Wednesday, September 03, 2008

Obama's Speech Flawed # 3

From RealClear Politics:

In foreign policy, he promises the miraculous: "I will rebuild our military to meet future conflicts. But I will also renew the tough, direct diplomacy that can prevent Iran from obtaining nuclear weapons and curb Russian aggression. I will build new partnerships to defeat the threats of the 21st century: terrorism and nuclear proliferation; poverty and genocide; climate change and disease." He's going to defeat terrorism with "partnerships"; face down Russian and Iranian aggression with diplomacy; and while he's at it, he will end poverty, disease, and changes in the weather.

Oh yes, and he will "cut taxes for 95% of all working families," but he'll "pay for every dime." How? "I will also go through the federal budget, line by line, eliminating programs that no longer work and making the ones we do need work better and cost less--because we cannot meet twenty-first century challenges with a twentieth century bureaucracy." Does anyone remember the Grace Commission in the 1980s or Al Gore's task force in the 1990s?

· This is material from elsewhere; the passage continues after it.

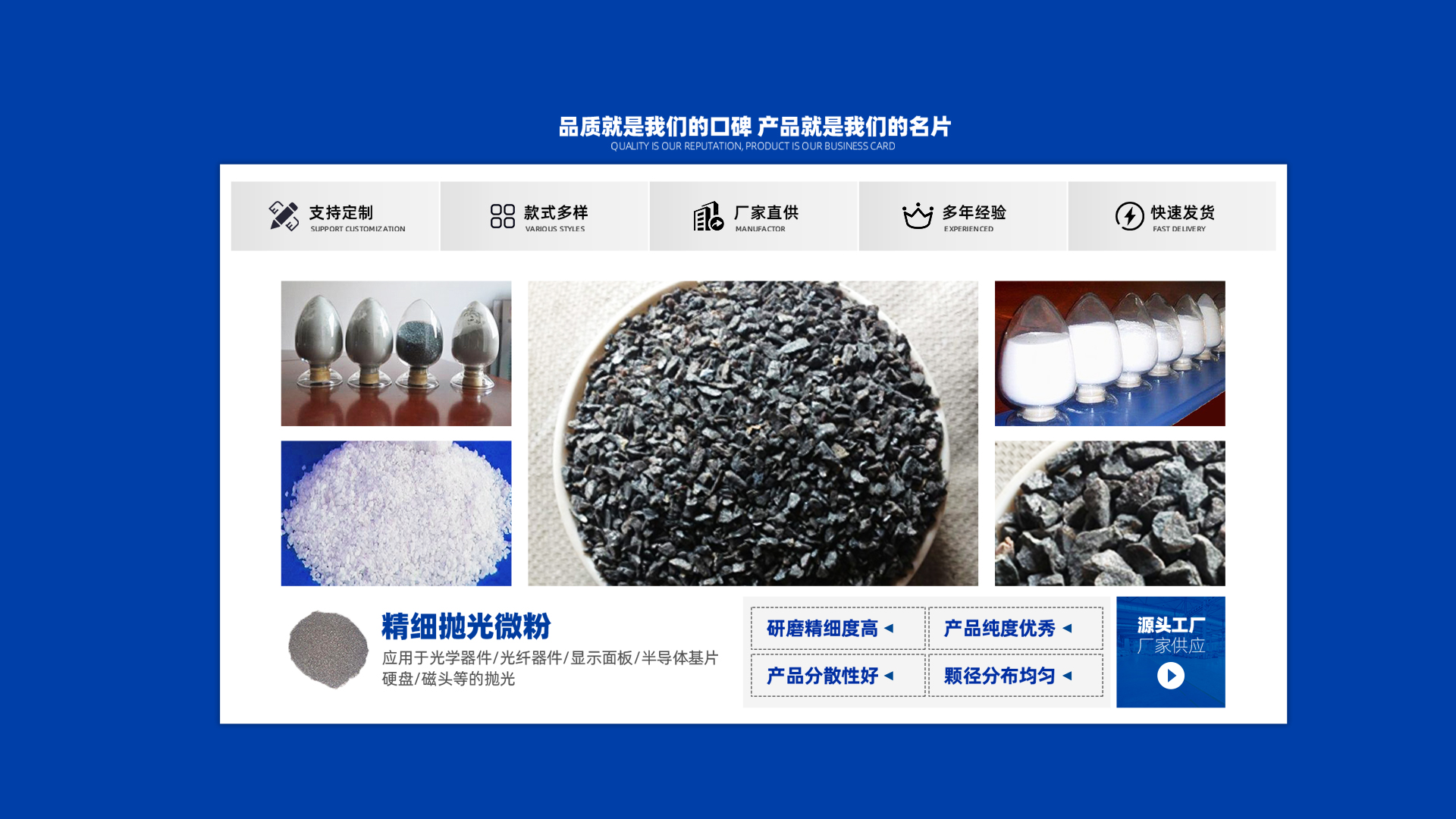 18年來,雙岳磨料經(jīng)過不斷發(fā)展和技術(shù)的積累,凝聚了 一批經(jīng)驗(yàn)豐富,素質(zhì)精良的專業(yè)人才。我們始終堅(jiān)持“客 戶為本”原則發(fā)展,以誠信經(jīng)營為基礎(chǔ),以服務(wù)滿意為保 證,歡迎新老客戶來廠洽談業(yè)務(wù)。

Eliminating "waste, fraud, and abuse" is a perennial promise made by politicians, but it will never produce significant results, because you can't pare down a $3 trillion federal budget by squeezing out dimes.

In essence, Obama is declaring simultaneous loyalty to individualism and to collectivism, to independence and to dependence, to free markets and to state control.

If you wonder which half of this self-contradictory agenda will win out, Obama doesn't leave you in suspense. He criticizes McCain because "For over two decades, he's subscribed to that old, discredited Republican philosophy--give more and more to those with the most and hope that prosperity trickles down to everyone else." The references to "two decades" and to "trickle-down economics"--a derogatory term for Ronald Reagan's pro-free-market policies--make his meaning clear. It is the free market that he wants us to regard as "discredited."